A adesão ao Cores do Mundo faz parte de sua intenção de se dedicar mais à pintura muralística. Ele trabalha em pesquisas sobre a vida de africanos no Brasil e, também, na forma como os brasileiros enxergam a região de onde veio. "De certa forma, estou divulgando a África e o meu país. As pessoas que andarilham pelas ruas precisam ter acesso a um novo olhar sobre o continente africano", disse.

Organização busca mais parceiros

O avanço dos painéis coloridos pelas cidades depende de parcerias, avisa Luciana. Além do apoio da Pedra Forte, o projeto conseguiu parceria com a fábrica de chocolates Dengo, com sede na Avenida Faria Lima. Durante todo o mês de maio, o artista plástico Israël Lavi cobriu de cores os muros de cimento da empresa. "Precisamos do apoio de empresários, construtores, arquitetos e empreiteiros que apoiam a liberdade artística e queiram apostar na transformação de todos os envolvidos", disse.

O projeto não se encerra com a retirada dos tapumes ao fim das obras. "Os tapumes passaram a ser verdadeiras obras de arte e queremos, depois, que sejam perpetuados", afirmou Cinthya Achon Parada, diretora de marketing da construtora, com 35 anos no mercado imobiliário. "Vamos fazer um acervo e, além de uma exposição física, provavelmente em um parque, estamos planejando também uma exposição virtual para as pessoas adquirirem as obras", revelou Cinthya.

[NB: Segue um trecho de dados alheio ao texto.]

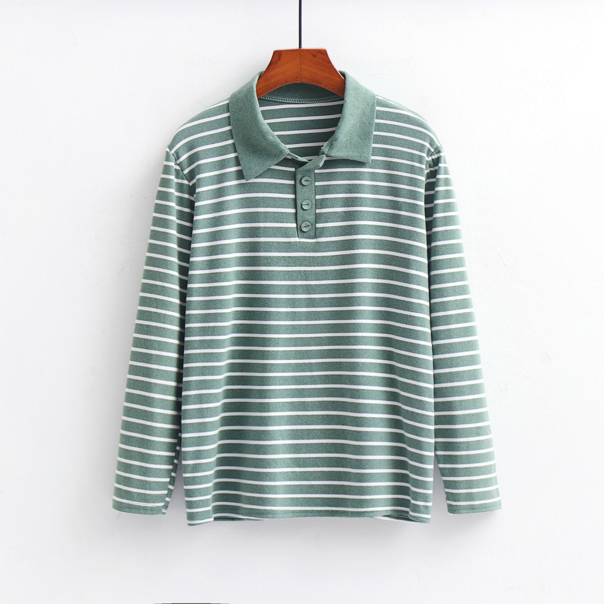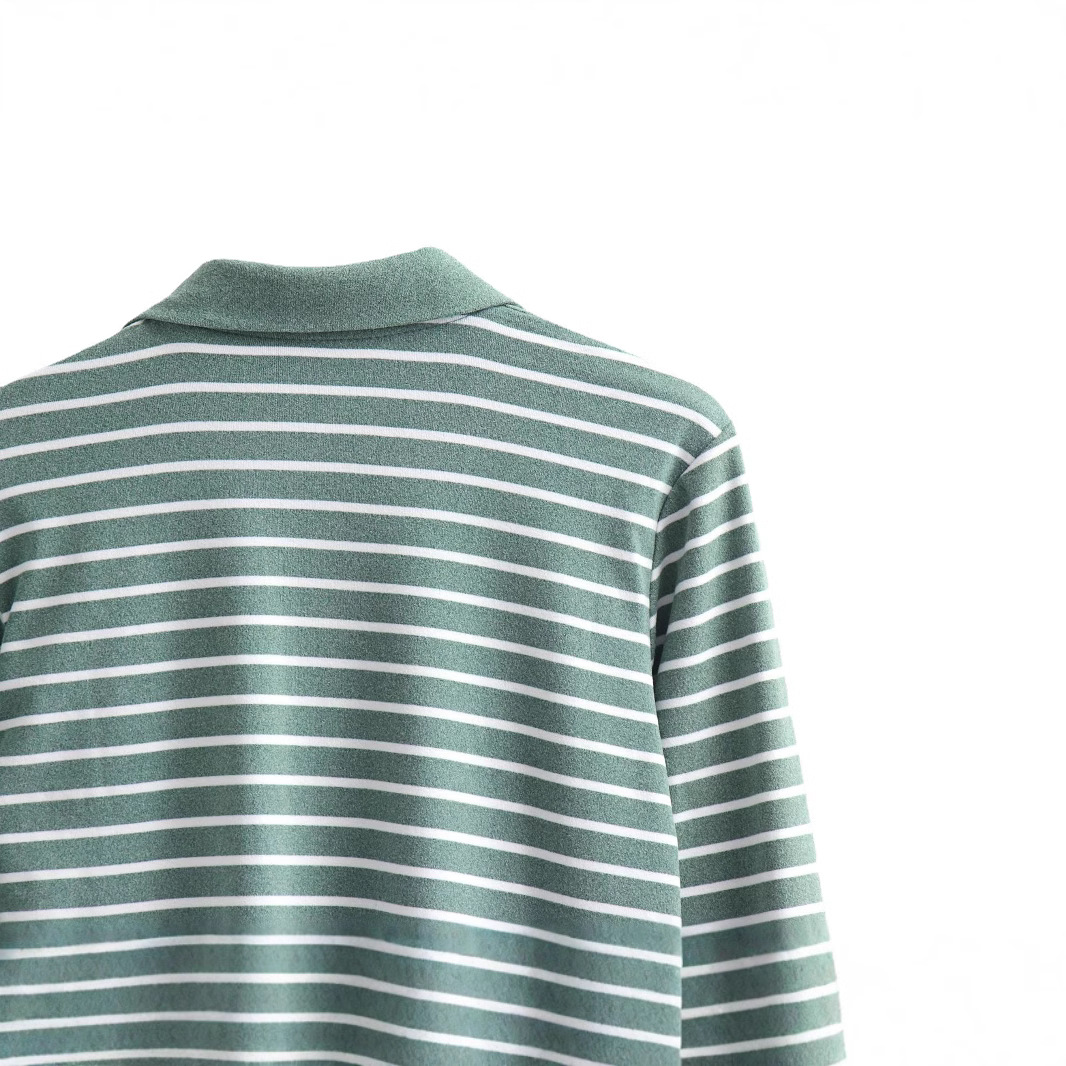 Одежда для женщин среднего и старшего возраста, одежда для бабушек, оптовая продажа женской одежды, хлопковая полосатая футболка с отложным воротником и длинным рукавом, повседневная
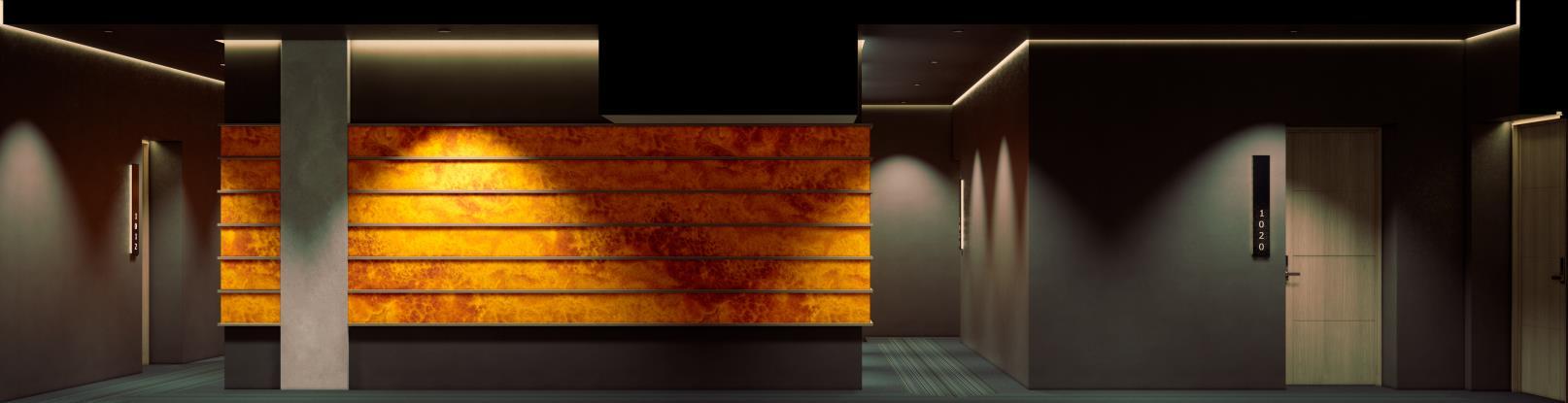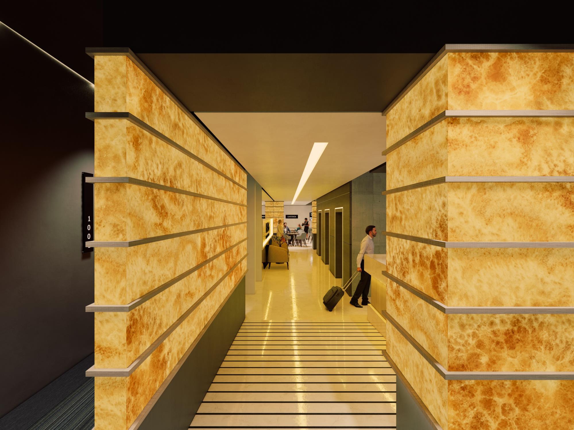 Se propone utilizar los bloques de servicios complementarios como cajas de luz que brinden iluminación ambiental a los pasillos y las áreas comunes del hotel, con un diseño inspirado en las antiguas lámparas japonesas de papel, cuya luz generaba un ambiente cálido y tranquilo.

Outra proposta em discussão é a venda de recortes dos tapumes em moeda virtual (bitcoin), com a renda revertida para os artistas. "A gente está desenvolvendo a ideia de vender parte dos tapumes em NFT, em moeda virtual, que é uma coisa diferente e bem atual. O projeto não será descontinuado. Há uma curadoria envolvida para que as obras se complementem. A ideia é que os trabalhos fiquem expostos em vitrines urbanas, em locais em que possam ser vistos pelo público", disse Luciana.